“I don’t want a martyr,” I say into his jacket. “I want a man.”
“Good,” he says, voice rough and oddly light. “I’m more useful as that.”
I laugh, helpless and glad. The sound floats up into the dark. He shifts just enough to see my face. He doesn’t kiss me. He doesn’t have to. His eyes do it—slow, reverent, unashamed. My lips part on instinct and he groans under his breath.
“Soon,” he says.
“Soon,” I echo.
We sit like that for a long time—hands linked, shoulders pressed, fire warming our shins. I read a few more letters. The café lights sway overhead. A fox slips along the ridge line, pauses, watches us with the weary curiosity of a neighbor, and ghosts away.
I slide the last letter of the night back into its envelope and tuck it under the stack with care.
“Thank you,” I tell him.
He shakes his head. “Don’t thank me for making you cry.”
“I’m thanking you for letting me see you.” I squeeze our joined hands. “And for not running when you saw me again.”
His mouth curves. “I’ve never been fast enough to outrun you.”
“You never tried.”
“Fair.”
We stand when the fire dials down to orange bones.
“Want me to walk you home?” he asks, like we’re thirteen and our mothers are waiting.
“Yes.”
The night leans in around us as we go. The snow creaks. Our boots find the same rhythm we used to have.
“I’ll bring pancakes the next morning we both have off.” He grins.
“Bossy,” I laugh, just to feel his eyes darken.
“You love it,” he says, and for the first time in a decade, I don’t flinch at a future tense.
His hands slide up my ribs and then stop. “If I take you inside,” he says, words careful, breath not, “I’m not promising to stop at the door.”
My body goes liquid with the image—his mouth, my back to the wall, the sound I’d make inside my throat where he could hear it and nobody else could. I sway. I catch myself on his shoulders, grip, admit nothing out loud and everything with my fingers.
“Axel,” I say, a warning and a plea.
He steps back one inch. One. His control is obscene. It turns me on and makes me want to throw it into the snow and stomp it.
“Soon,” he repeats. “No more running?” he asks.

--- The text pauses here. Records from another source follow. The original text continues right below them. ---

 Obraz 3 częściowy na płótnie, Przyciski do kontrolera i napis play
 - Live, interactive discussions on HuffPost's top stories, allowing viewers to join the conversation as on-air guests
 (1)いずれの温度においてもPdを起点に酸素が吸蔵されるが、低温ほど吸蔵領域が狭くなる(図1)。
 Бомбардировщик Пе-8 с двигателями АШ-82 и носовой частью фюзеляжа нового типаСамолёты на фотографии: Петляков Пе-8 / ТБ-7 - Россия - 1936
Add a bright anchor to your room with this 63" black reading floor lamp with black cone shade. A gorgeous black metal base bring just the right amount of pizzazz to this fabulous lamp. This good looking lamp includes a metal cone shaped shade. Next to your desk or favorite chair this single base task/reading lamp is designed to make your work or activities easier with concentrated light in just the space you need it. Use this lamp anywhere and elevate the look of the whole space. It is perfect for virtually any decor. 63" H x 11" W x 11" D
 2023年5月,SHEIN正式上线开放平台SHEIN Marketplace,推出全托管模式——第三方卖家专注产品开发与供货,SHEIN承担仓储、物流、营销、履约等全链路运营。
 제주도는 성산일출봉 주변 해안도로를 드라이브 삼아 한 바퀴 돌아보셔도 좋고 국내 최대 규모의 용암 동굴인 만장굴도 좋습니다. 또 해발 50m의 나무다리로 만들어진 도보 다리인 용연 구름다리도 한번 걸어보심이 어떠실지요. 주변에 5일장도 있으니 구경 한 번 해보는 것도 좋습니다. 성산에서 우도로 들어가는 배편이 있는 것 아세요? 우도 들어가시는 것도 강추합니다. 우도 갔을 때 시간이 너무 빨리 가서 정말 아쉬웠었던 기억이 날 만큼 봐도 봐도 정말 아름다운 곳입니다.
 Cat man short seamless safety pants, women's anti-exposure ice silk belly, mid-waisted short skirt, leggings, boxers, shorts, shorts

“I’ve done enough of that,” I answer. “Besides.” I tilt my head up and lick my lower lip just to watch his pupils track the movement. “You’re very efficient at catching.”

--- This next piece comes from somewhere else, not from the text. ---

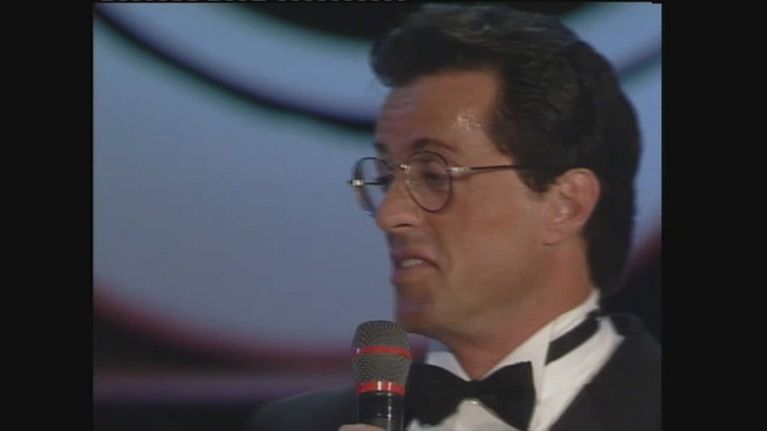 Sylvester Stallone ritira il Telegatto nel 1990
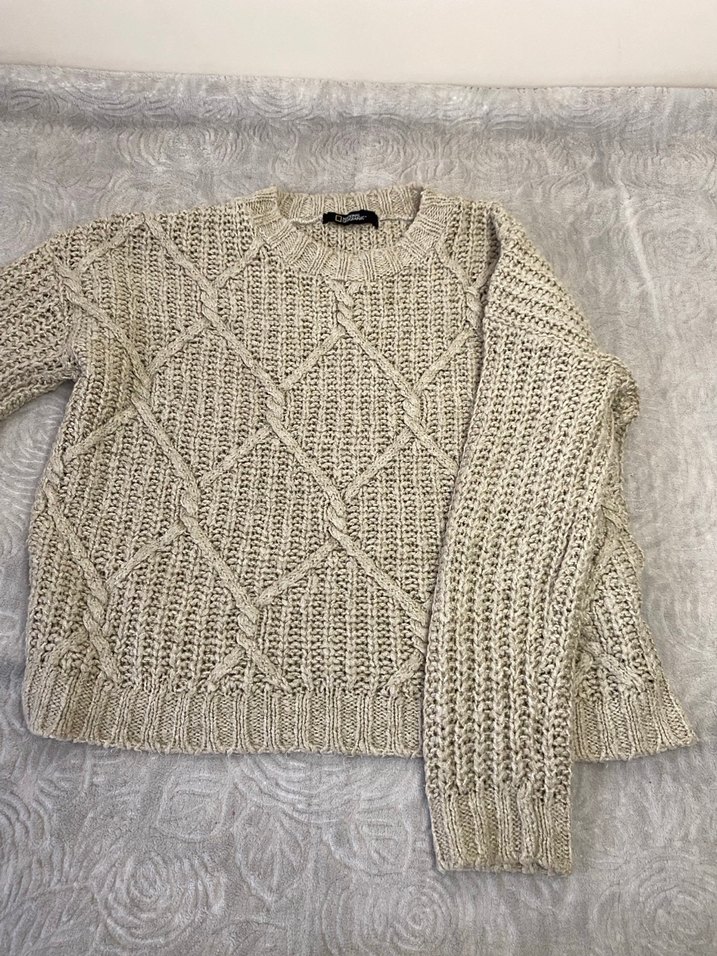 Bej renkli, örgü kadın kazak, rahat kesim, uzun kollu ve bisiklet yaka detayına sahiptir. Günlük kullanım için uygundur.

“Don’t test me,” he murmurs.
“I plan to.”
He huffs out a laugh and squeezes my hand like a promise. Axel releases my hand with a last stroke of his thumb across my knuckles that I will feel for hours. He nods once, soldier-precise, then tips his head toward the dark sky a moment before turning to leave.
My mouth still tastes like him. My chest feels lighter and tighter at once. And somewhere in my stomach, a coal I’d let go cold wakes and glows and refuses to go out.